De l'autre côté du miroir

Disques • Publié le 29/03/2019 par

Les Yeux Sans VisageLES YEUX SANS VISAGE (1960)
Compositeur : Maurice Jarre
Durée : 12:37 | 6 pistes
Éditeur : Disques Cinémusique

 

 

5 out of 5 stars

« Ma tête me fait peur, mon masque me fait plus peur encore. »
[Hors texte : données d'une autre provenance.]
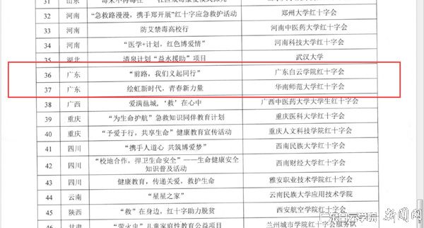 据悉,该项目启动后,共有30个省级红十字会申报98个项目,其中广东省有两个优秀项目获得资助,分别是华南师范大学红十字协会和我校红十字协会,该项目的申报成功,也是对我校长期重视和加强社团文化建设、积极践行中国红十字总会人道、博爱、奉献精神,保护人的生命和健康,促进人类和平进步事业的宗旨的一种积极肯定 。下一步,校团委将认真指导红十字协会按照《关于实施2018年红十字青少年社会实践项目的通知》要求做好相关工作。(文/校团委王晓艳、红十字协会周绮珊 图/红十字协会宋雪芬)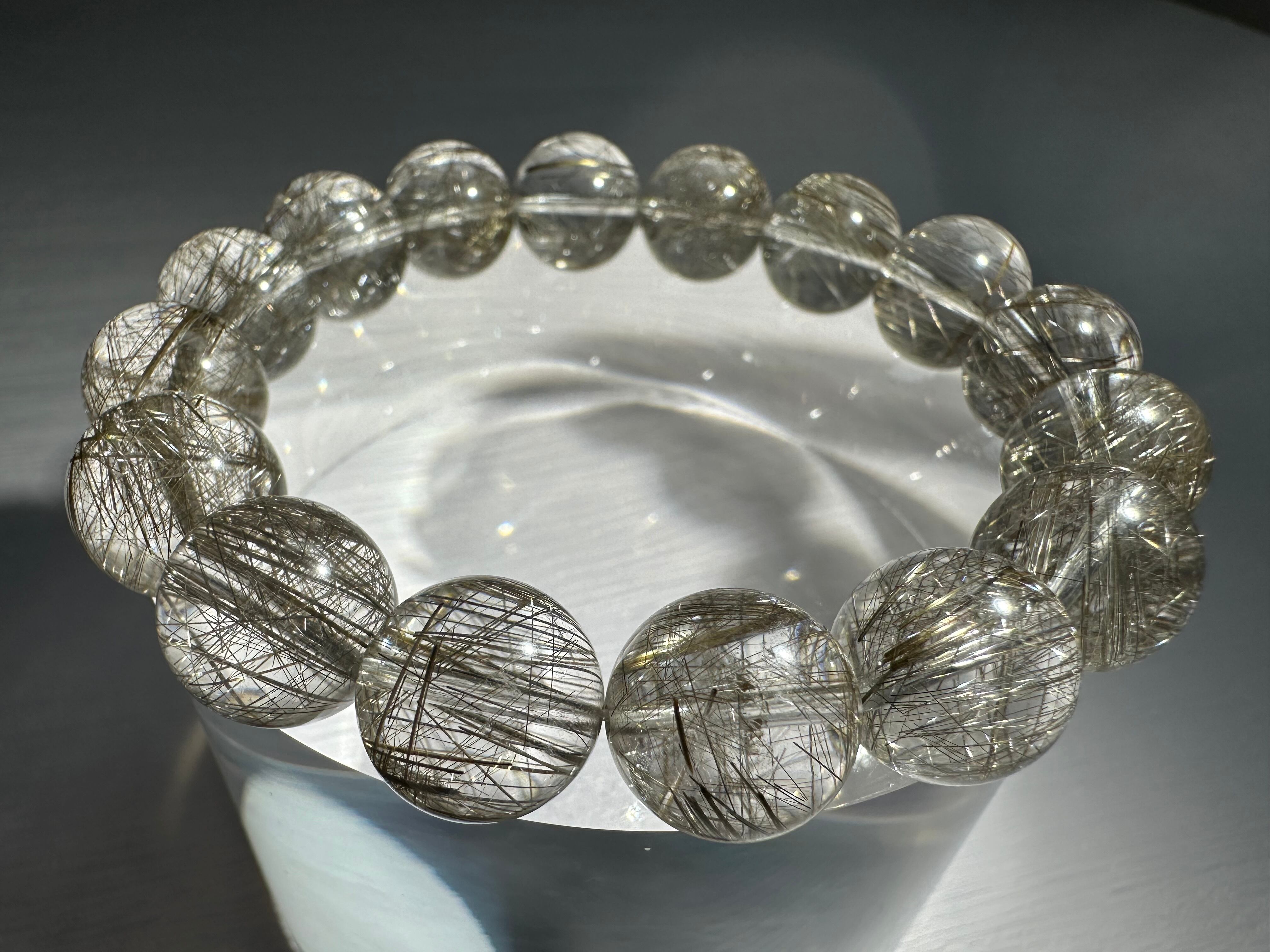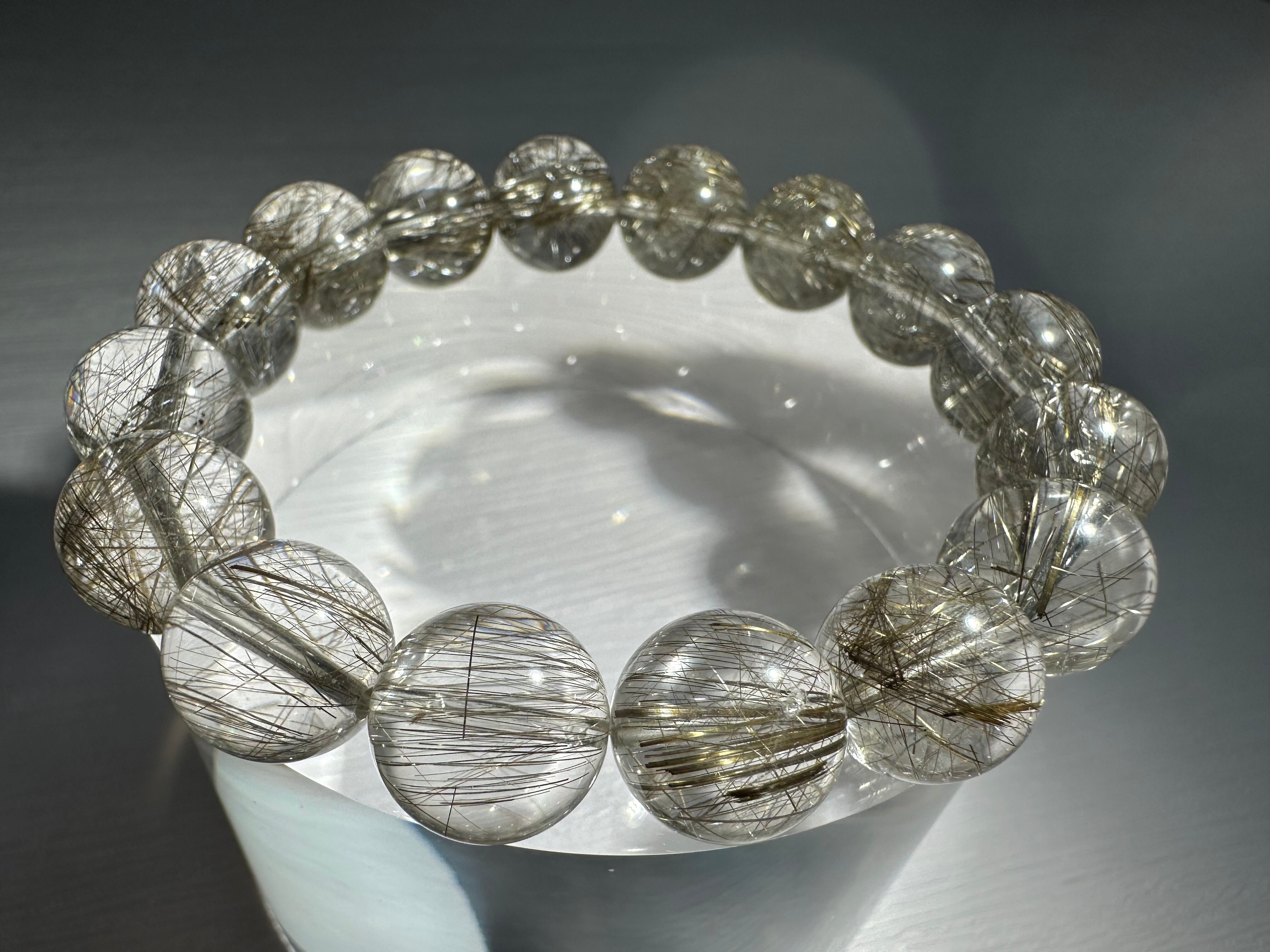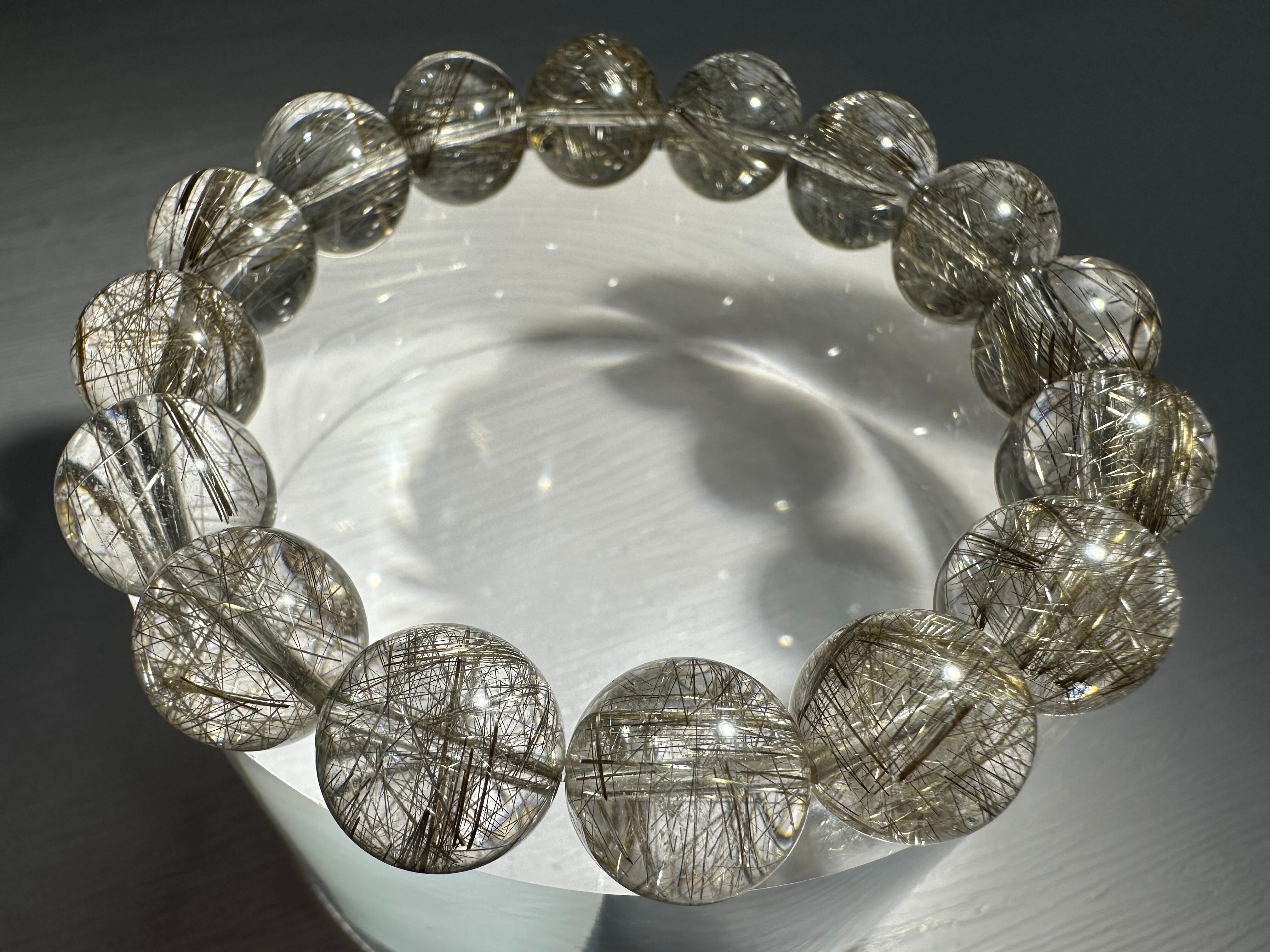 ルチル針のシルバーカラーと輝きが大変美しく、内包量も多く、水晶部分の透明感も極めて高い

Extérieur nuit. Le long d’une route de campagne, les formes squelettiques d’une rangée d’arbres dressés sur le bas côté sont illuminées par le passage d’une 2CV solitaire. Une femme est au volant, visiblement anxieuse. Soudain le regard accusateur d’une paire de phares apparaît dans l’encadrement de la vitre arrière. Au cours de cette scène en apparence quotidienne, l’angoisse s’installe progressivement, pendant que retentit une valse entêtante et dissonante. Ainsi commence Les Yeux Sans Visage, un des rares classiques du film fantastique et d’horreur du cinéma français et une des premières partitions remarquées de Maurice Jarre.

 

Intérieur jour. Le professeur Génessier, brillant chirurgien, donne une conférence qui relate ses recherches sur l’hétérogreffe devant un public attentif et admiratif. Deux scènes contrastées se succèdent au début du film qui opposent brutalement l’inavouable et le caché (la route la nuit puis la rivière emportant un cadavre) au brillant des dorures et de la terminologie scientifique (qui permet d’occulter une réalité faite de souffrances et de coups de bistouris). Pourtant, dans ces deux lieux, le maître de jeu est le même homme, conservant son air bourru et impassible, qu’il soit face à ses admiratrices ou en train de voler son visage à une jeune fille innocente.

 

Alida Valli & Pierre Brasseur

 

Comme il le dit lui-même, le professeur Génessier aime l’ordre. Cet ordre a beau reposer sur une inavouable monstruosité, il n’est pas homme à s’en effaroucher, lui qui par son métier connaît l’agencement des viscères sous la peau de ses semblables. Sa conscience, à l’image de son château par métonymie labyrinthique, est organisée en compartiments hermétiques qui lui permettent de ranger chaque chose à sa place. Peu importe si certaines pièces sont, par nécessité, moins visitées que d’autres, au risque de voir dépérir ce qu’elles contiennent. La société dans laquelle il vit n’est-elle pas organisée aussi comme cela ? Pour le brillant de l’esplanade du Trocadéro ou du quartier latin, il y a en effet comme envers du décor, toute la morne réalité de la banlieue, de la morgue et du cimetière, où chacun trouve sa place, en fin de course.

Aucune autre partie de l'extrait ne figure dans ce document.